§ DATASET SECTION
——
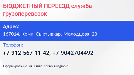 БЮДЖЕТНЫЙ ПЕРЕЕЗД, служба грузоперевозок по адресу 167014, Коми, Сыктывкар, Молодцова, 28 в дальнейшем Организация, размещена в следующих категориях:
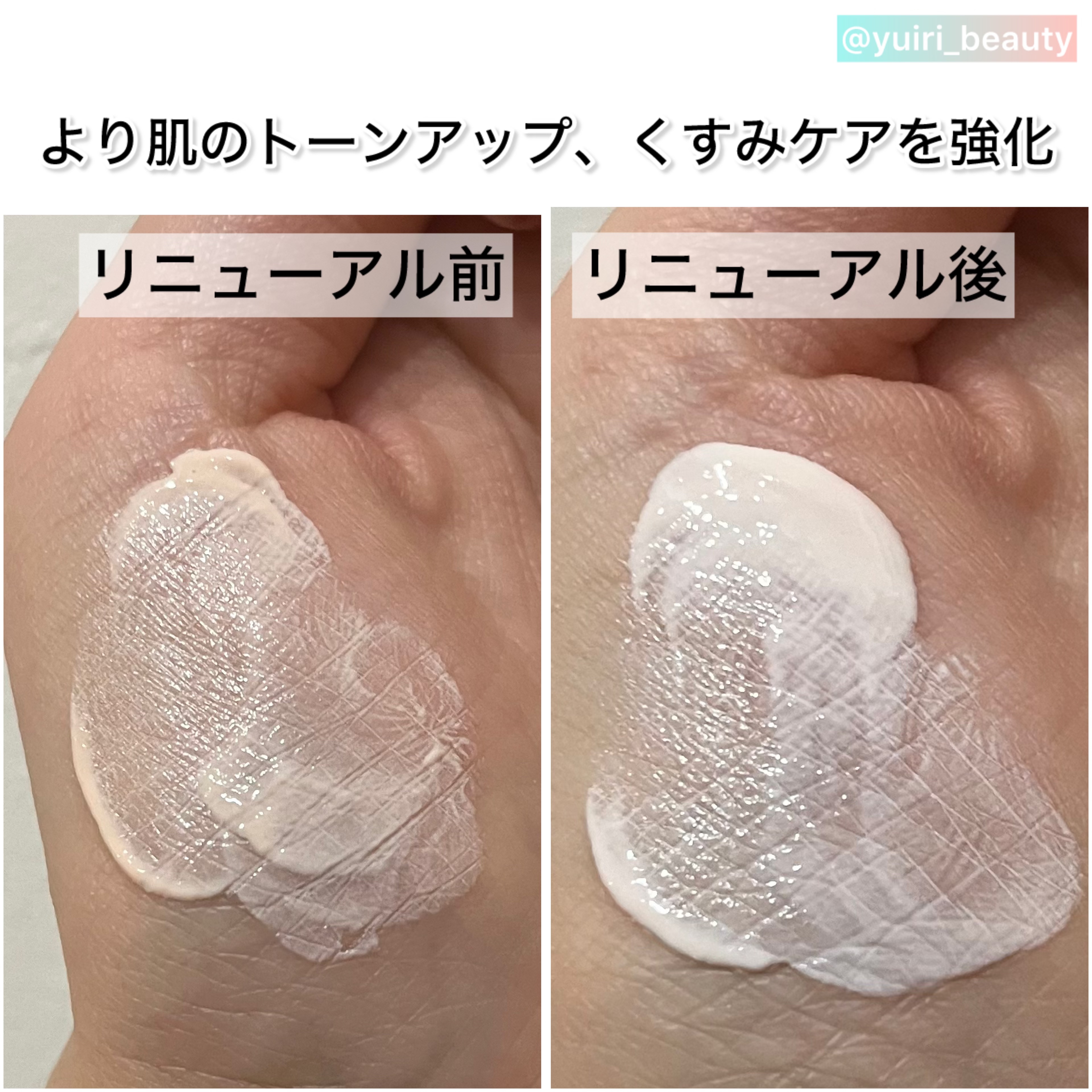 進化しなくても充分素晴らしすぎるのに!?って思ってたけど使ってみたらめちゃくちゃ良かった🥹 反射力アップ+黄ぐすみ補正してなめらかな生ツヤ肌に! 新UVフィルター設計で、深刻なダメージを与えるロングUVAの防御力がより強化されたんだって!
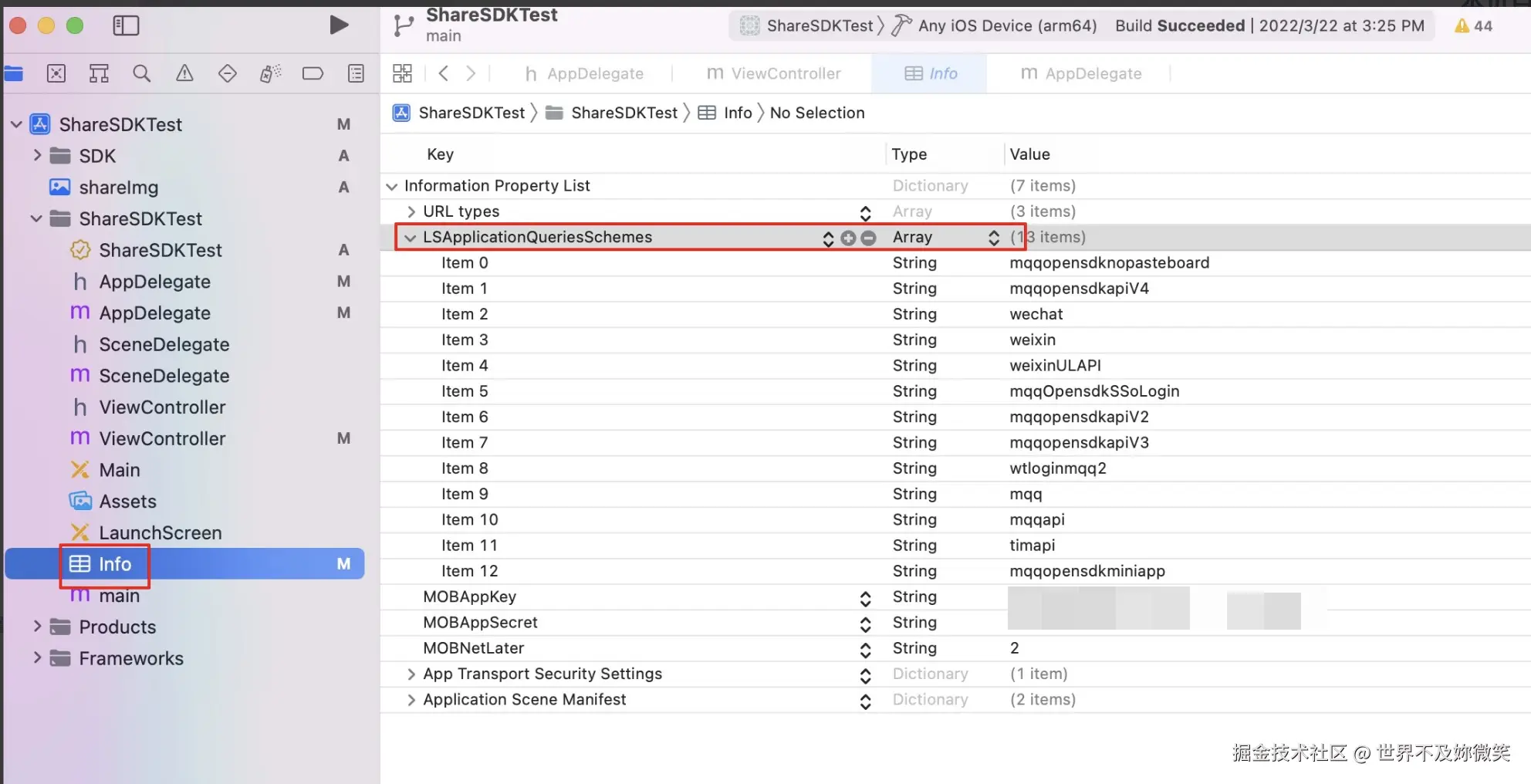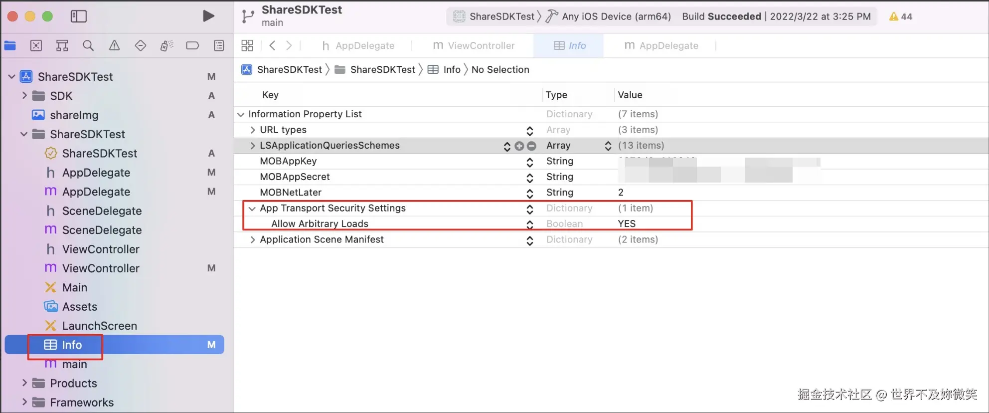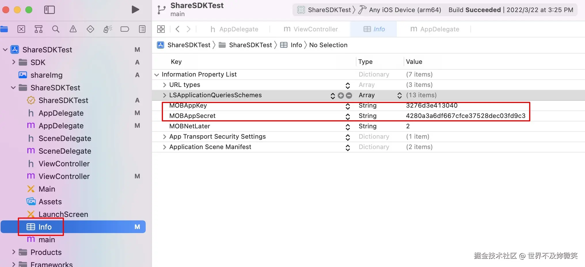 在项目工程的Info.plist中如图增加MOBAppKey 和 MOBAppSecret两个字段
——
§ TASK
Across the whole listing, reproduce each line verbatim and exclude every picture.

§ SOLUTION
 БЮДЖЕТНЫЙ ПЕРЕЕЗД, служба грузоперевозок по адресу 167014, Коми, Сыктывкар, Молодцова, 28 в дальнейшем Организация, размещена в следующих категориях:
 進化しなくても充分素晴らしすぎるのに!?って思ってたけど使ってみたらめちゃくちゃ良かった🥹 反射力アップ+黄ぐすみ補正してなめらかな生ツヤ肌に! 新UVフィルター設計で、深刻なダメージを与えるロングUVAの防御力がより強化されたんだって!
 在项目工程的Info.plist中如图增加MOBAppKey 和 MOBAppSecret两个字段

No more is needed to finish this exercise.